Provided material:
* * * * * * * * *

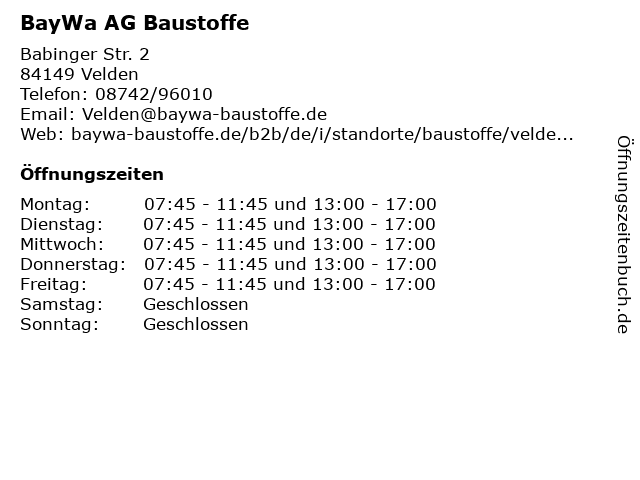| Öffnungszeiten BayWa AG Baustoffe in Velden anzeigen | |
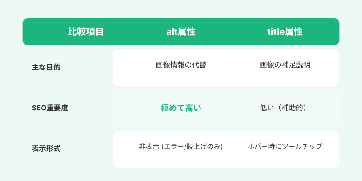 画像のalt属性とtitle属性は違いがわかりにくいですが、SEO的に重要度が高いのはalt属性です。alt属性がユーザーや検索エンジンのクローラーのためにその画像の情報を記述するのに対し、title属性はユーザーに対して画像の補足説明を行うものです。alt属性は基本的に記述すべきですが、title属性は必ずしも記述する必要はありません。
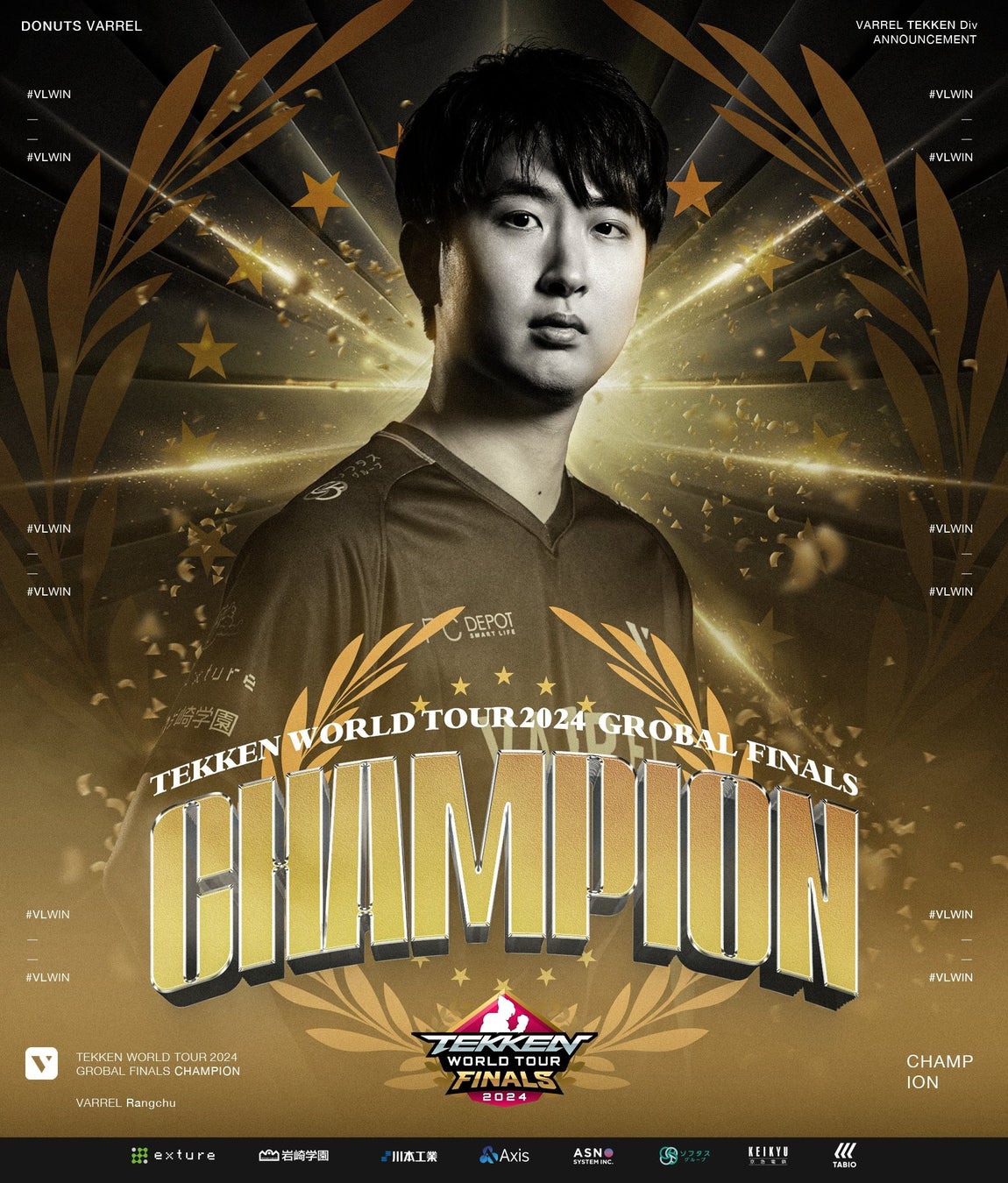 eスポーツ事業を手がける株式会社CELLORB(本社:神奈川県横浜市、代表取締役社長:鈴木文雄)は、運営するプロeスポーツチーム「DONUTS VARREL」鉄拳部門のRangchuが、株式会社バンダイナムコエンターテインメントが主催する世界大会「TEKKEN World Tour 2024(鉄拳ワールドツアー2024/TWT2024)」にて世界1位を獲得したことをお知らせいたします。
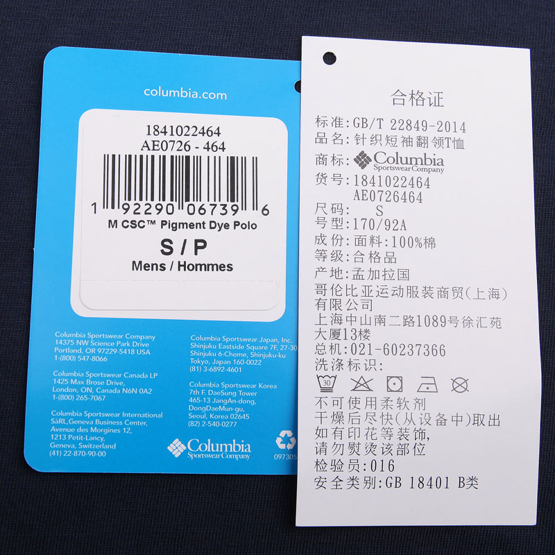 Columbia Columbia outdoor men's cotton breathable lapel POLO shirt short-sleeved T-shirt AE0726

* * * * * * * * *

Task objective: I'd like the material duplicated exactly, without its pictures.

Problem solution:
| Öffnungszeiten BayWa AG Baustoffe in Velden anzeigen | |
 画像のalt属性とtitle属性は違いがわかりにくいですが、SEO的に重要度が高いのはalt属性です。alt属性がユーザーや検索エンジンのクローラーのためにその画像の情報を記述するのに対し、title属性はユーザーに対して画像の補足説明を行うものです。alt属性は基本的に記述すべきですが、title属性は必ずしも記述する必要はありません。
 eスポーツ事業を手がける株式会社CELLORB(本社:神奈川県横浜市、代表取締役社長:鈴木文雄)は、運営するプロeスポーツチーム「DONUTS VARREL」鉄拳部門のRangchuが、株式会社バンダイナムコエンターテインメントが主催する世界大会「TEKKEN World Tour 2024(鉄拳ワールドツアー2024/TWT2024)」にて世界1位を獲得したことをお知らせいたします。
 Columbia Columbia outdoor men's cotton breathable lapel POLO shirt short-sleeved T-shirt AE0726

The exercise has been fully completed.